→ **Data for this task**:

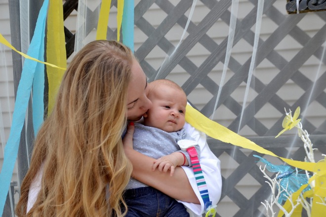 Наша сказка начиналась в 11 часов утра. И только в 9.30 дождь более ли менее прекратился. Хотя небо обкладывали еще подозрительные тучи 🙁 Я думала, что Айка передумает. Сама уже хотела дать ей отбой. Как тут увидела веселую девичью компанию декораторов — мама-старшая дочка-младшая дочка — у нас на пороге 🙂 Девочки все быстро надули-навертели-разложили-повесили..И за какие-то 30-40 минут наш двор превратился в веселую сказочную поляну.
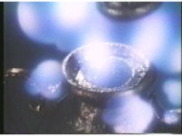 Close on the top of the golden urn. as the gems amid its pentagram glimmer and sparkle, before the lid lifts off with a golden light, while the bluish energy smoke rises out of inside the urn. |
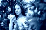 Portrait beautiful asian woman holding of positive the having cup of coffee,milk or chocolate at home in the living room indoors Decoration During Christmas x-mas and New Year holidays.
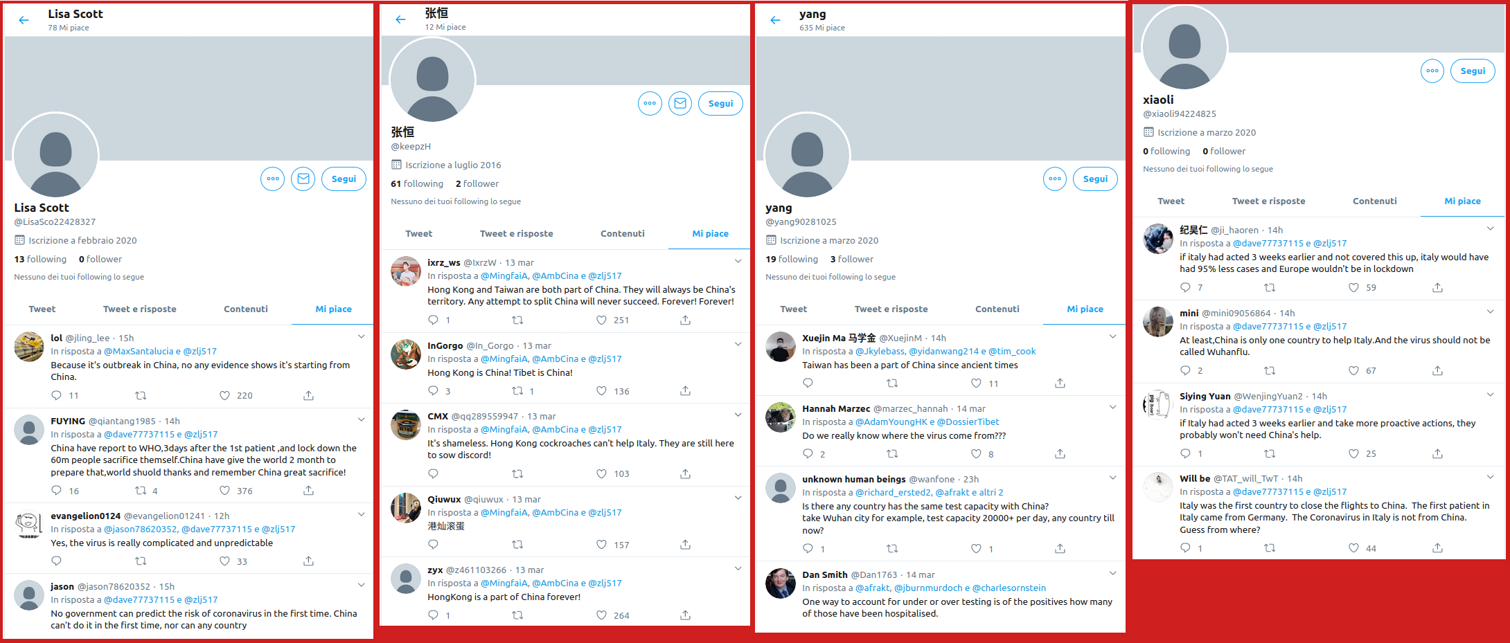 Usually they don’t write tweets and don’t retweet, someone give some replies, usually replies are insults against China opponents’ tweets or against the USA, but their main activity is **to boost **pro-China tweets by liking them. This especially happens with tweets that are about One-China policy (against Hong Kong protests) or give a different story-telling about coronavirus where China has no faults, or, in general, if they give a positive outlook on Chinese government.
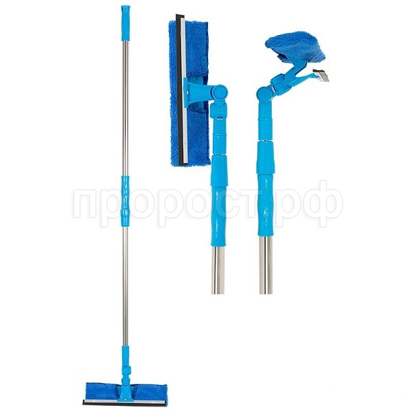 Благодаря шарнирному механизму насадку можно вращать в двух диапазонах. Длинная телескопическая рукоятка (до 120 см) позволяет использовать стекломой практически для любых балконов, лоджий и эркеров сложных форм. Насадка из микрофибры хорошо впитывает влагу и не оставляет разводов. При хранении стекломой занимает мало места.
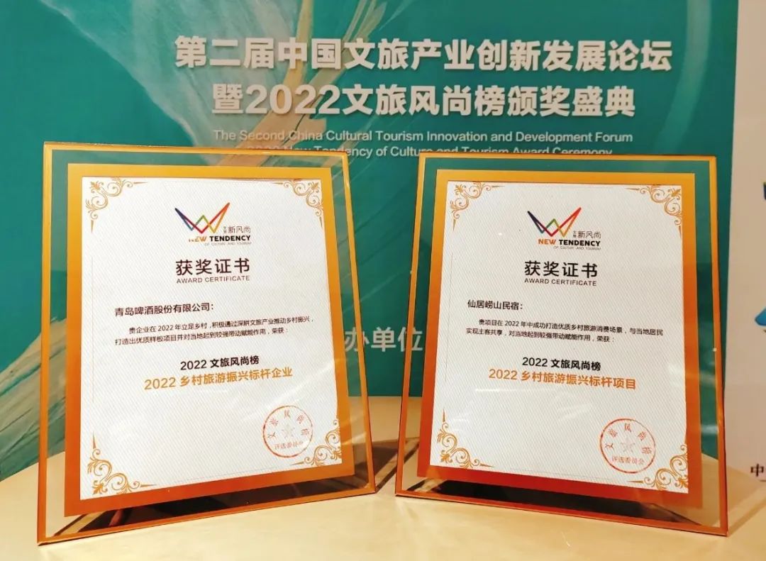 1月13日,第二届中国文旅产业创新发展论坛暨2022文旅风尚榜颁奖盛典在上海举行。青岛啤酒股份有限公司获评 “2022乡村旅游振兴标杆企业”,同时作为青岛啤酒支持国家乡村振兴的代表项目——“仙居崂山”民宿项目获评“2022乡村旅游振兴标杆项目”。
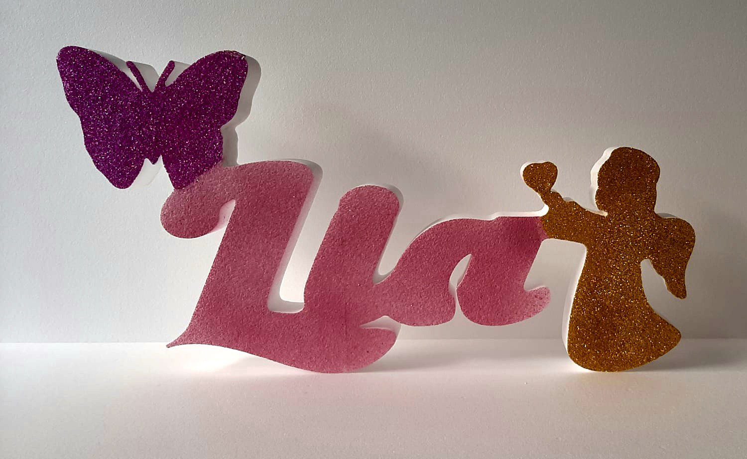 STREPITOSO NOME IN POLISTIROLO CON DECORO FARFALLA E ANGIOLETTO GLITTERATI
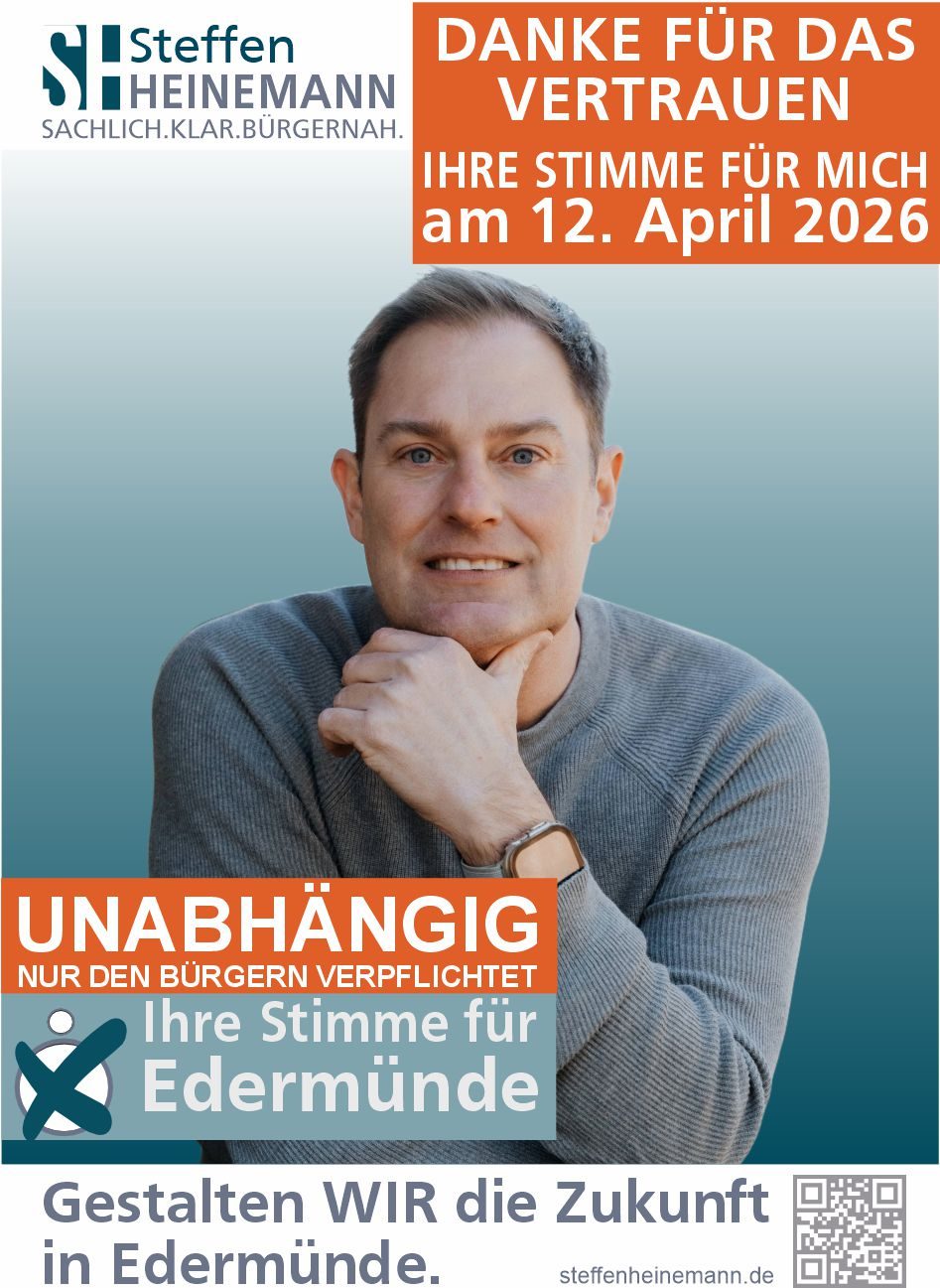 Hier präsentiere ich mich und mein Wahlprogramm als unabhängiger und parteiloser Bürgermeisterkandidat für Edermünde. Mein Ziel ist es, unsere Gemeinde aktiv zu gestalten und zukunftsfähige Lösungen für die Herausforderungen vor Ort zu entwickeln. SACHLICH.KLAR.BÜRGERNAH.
--
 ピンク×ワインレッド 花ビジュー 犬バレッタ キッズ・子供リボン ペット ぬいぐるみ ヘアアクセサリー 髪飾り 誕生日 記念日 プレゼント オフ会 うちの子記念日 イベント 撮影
* * *
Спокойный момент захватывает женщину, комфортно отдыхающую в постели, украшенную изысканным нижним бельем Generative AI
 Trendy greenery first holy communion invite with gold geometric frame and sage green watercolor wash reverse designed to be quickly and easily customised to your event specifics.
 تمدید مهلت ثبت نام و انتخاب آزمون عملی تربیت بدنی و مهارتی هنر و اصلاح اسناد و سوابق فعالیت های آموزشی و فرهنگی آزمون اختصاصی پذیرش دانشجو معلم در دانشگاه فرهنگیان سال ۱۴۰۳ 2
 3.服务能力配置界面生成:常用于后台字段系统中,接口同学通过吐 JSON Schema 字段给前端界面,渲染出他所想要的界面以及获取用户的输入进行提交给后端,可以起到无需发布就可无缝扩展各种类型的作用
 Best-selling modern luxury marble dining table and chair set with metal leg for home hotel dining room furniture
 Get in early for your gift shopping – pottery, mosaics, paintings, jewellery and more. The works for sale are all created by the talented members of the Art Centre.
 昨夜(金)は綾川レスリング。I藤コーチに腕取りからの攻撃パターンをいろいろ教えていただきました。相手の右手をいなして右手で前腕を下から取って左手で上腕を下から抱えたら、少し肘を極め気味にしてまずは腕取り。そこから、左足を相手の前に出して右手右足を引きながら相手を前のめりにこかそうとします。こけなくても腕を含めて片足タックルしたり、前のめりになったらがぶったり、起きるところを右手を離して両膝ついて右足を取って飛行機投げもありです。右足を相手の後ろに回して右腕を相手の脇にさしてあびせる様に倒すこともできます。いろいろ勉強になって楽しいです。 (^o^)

→ **Try it**: Would you restate, exactly and with no pictures, the lines of the entries above from the one containing "Наша сказка начиналась" through the one containing "STREPITOSO NOME IN"?

→ **Answer space**:
 Наша сказка начиналась в 11 часов утра. И только в 9.30 дождь более ли менее прекратился. Хотя небо обкладывали еще подозрительные тучи 🙁 Я думала, что Айка передумает. Сама уже хотела дать ей отбой. Как тут увидела веселую девичью компанию декораторов — мама-старшая дочка-младшая дочка — у нас на пороге 🙂 Девочки все быстро надули-навертели-разложили-повесили..И за какие-то 30-40 минут наш двор превратился в веселую сказочную поляну.
 Close on the top of the golden urn. as the gems amid its pentagram glimmer and sparkle, before the lid lifts off with a golden light, while the bluish energy smoke rises out of inside the urn. |
 Portrait beautiful asian woman holding of positive the having cup of coffee,milk or chocolate at home in the living room indoors Decoration During Christmas x-mas and New Year holidays.
 Usually they don’t write tweets and don’t retweet, someone give some replies, usually replies are insults against China opponents’ tweets or against the USA, but their main activity is **to boost **pro-China tweets by liking them. This especially happens with tweets that are about One-China policy (against Hong Kong protests) or give a different story-telling about coronavirus where China has no faults, or, in general, if they give a positive outlook on Chinese government.
 Благодаря шарнирному механизму насадку можно вращать в двух диапазонах. Длинная телескопическая рукоятка (до 120 см) позволяет использовать стекломой практически для любых балконов, лоджий и эркеров сложных форм. Насадка из микрофибры хорошо впитывает влагу и не оставляет разводов. При хранении стекломой занимает мало места.
 1月13日,第二届中国文旅产业创新发展论坛暨2022文旅风尚榜颁奖盛典在上海举行。青岛啤酒股份有限公司获评 “2022乡村旅游振兴标杆企业”,同时作为青岛啤酒支持国家乡村振兴的代表项目——“仙居崂山”民宿项目获评“2022乡村旅游振兴标杆项目”。
 STREPITOSO NOME IN POLISTIROLO CON DECORO FARFALLA E ANGIOLETTO GLITTERATI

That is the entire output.